Journaliste et fin connaisseur de la vie intellectuelle locale, aujourd’hui consultant et écrivain, Michel Huvet s’était élevé dans son blog contre la mort des entreprises culturelles dijonnaises. A la mort annoncée de la Lib de l’U, un véritable pilier de Dijon installé depuis 60 ans dans la capitale des Ducs, il se souvient… « Jacques Bazin avait ouvert une toute petite librairie rue du Chapeau-Rouge et qui s’est mise à marcher si fort que le monsieur se mit un jour en tête de racheter le grand magasin de jouet Maison Bouet, rue de la Liberté (en 1964, ndlr). Mariage étonnant que celui du jouet (les trains électriques, les mécanos, à l’époque) et du livre mais l’avantage était – grande première à Dijon avant la Fnac – que l’on avait des entrées de deux côtés, rue de la Liberté et rue de la Poste, ou place Grangier. Au début, les jouets étaient tout en haut, au 3e étage et puis le livre s’est étalé dans les autres étages. La Lib’ de l’U avait trouvé son essor. Immense succès, le tout Dijon du savoir se retrouvait là. À Paris, un jour, à un congrès de gens du livre (je ne sais plus lequel), le directeur des Editions du Seuil me dit qu’en France, la Lib’ de la l’U égalait à ses yeux le Furet de Nord de Lille, considéré comme la première librairie de province.
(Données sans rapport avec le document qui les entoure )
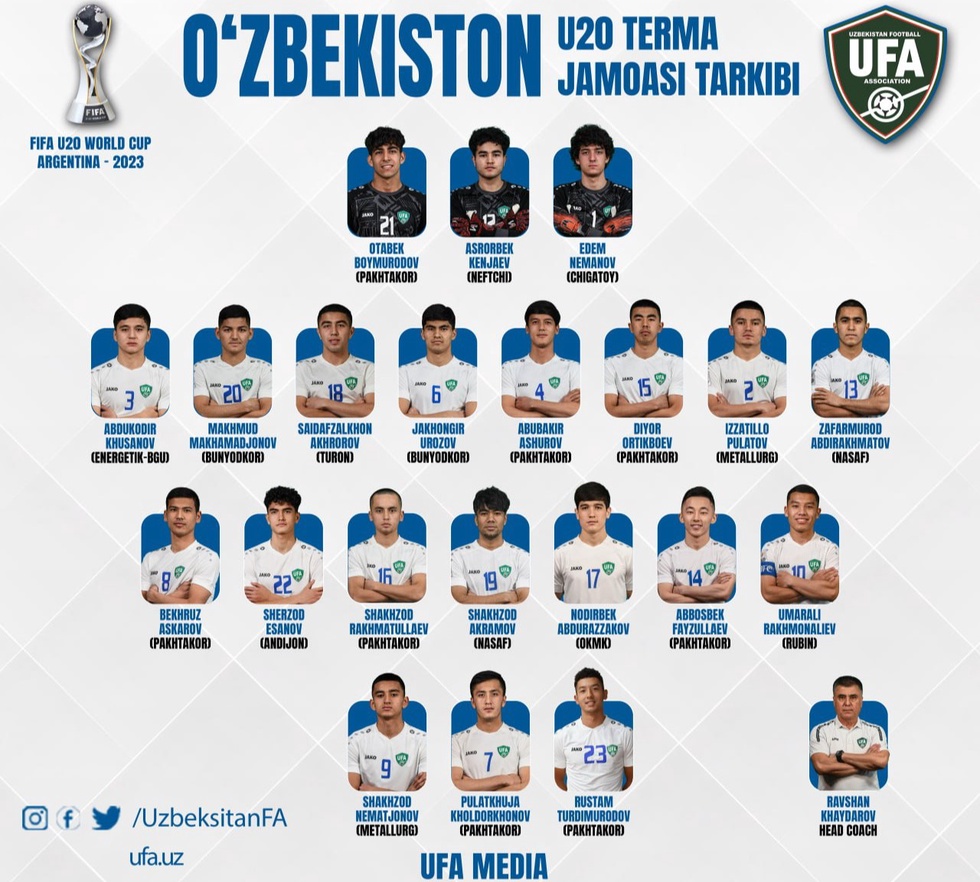 Futbol boʻyicha Oʻzbekiston yoshlar terma jamoasi bosh murabbiyi Ravshan Haydarov U-20 jahon chempionatida ishtirok etadigan futbolchilarning yakuniy roʻyxatini eʼlon qildi.

Sans héritier désireux de reprendre son oeuvre, Jacques Bazin vendit à l’âge de la retraite. » Plusieurs directeurs se succèdent, la librairie change plusieurs fois de nom mais reste pour toujours dans le coeur des Dijonnais la Lib’ de l’U. En 2005, c’est le rachat par le groupe Actissia et l’intégration au sein du réseau Chapitre. Lorsque Marie Grandchamp, l’actuelle directrice prend en 2006 la tête de l’établissement, elle y travaille depuis 24 ans déjà. On imagine le désarroi de celle-ci et de la vingtaine d’employés qui s’attendent dorénavant à fermer définitivement le rideau au lendemain du comité d’entreprise qui doit avoir lieu vendredi prochain.